### Data shown:
Start of Block
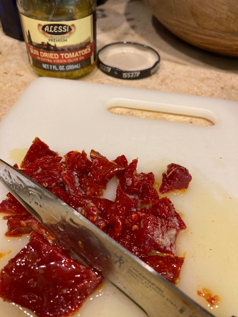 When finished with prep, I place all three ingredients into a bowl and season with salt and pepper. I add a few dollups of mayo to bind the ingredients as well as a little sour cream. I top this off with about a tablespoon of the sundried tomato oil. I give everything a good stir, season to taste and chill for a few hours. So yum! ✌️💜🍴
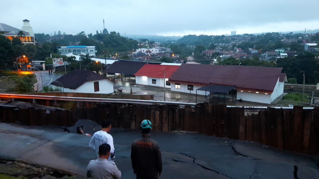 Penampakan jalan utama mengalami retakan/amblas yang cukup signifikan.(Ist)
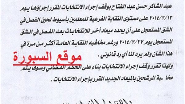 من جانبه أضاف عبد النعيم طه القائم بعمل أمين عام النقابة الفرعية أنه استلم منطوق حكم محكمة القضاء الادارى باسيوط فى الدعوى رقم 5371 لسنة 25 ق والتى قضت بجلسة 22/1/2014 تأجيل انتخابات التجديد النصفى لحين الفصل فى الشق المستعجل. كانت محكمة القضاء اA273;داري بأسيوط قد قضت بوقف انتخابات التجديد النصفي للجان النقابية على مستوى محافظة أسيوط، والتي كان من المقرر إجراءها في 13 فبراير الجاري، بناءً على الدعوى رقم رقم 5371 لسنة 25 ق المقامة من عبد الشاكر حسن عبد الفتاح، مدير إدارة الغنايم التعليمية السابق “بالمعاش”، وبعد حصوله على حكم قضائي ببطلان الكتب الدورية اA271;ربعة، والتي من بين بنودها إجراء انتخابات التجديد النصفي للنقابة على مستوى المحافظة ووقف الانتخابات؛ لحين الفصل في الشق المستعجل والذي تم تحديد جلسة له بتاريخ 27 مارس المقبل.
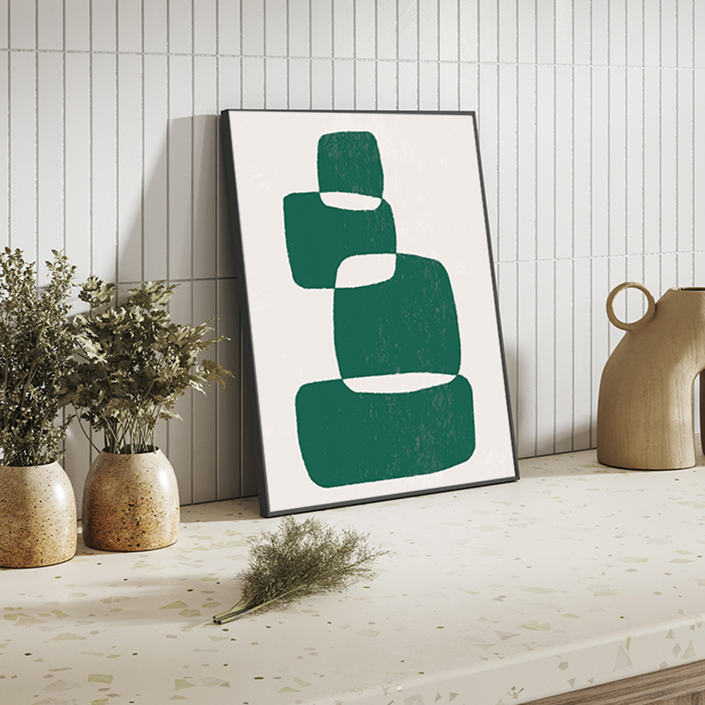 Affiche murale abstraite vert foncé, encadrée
End of Block
### Try it:
Repeat the listing above up to and including the line with "Penampakan jalan utama", starting from its first line. Drop any pictures.

### Written response:
 When finished with prep, I place all three ingredients into a bowl and season with salt and pepper. I add a few dollups of mayo to bind the ingredients as well as a little sour cream. I top this off with about a tablespoon of the sundried tomato oil. I give everything a good stir, season to taste and chill for a few hours. So yum! ✌️💜🍴
 Penampakan jalan utama mengalami retakan/amblas yang cukup signifikan.(Ist)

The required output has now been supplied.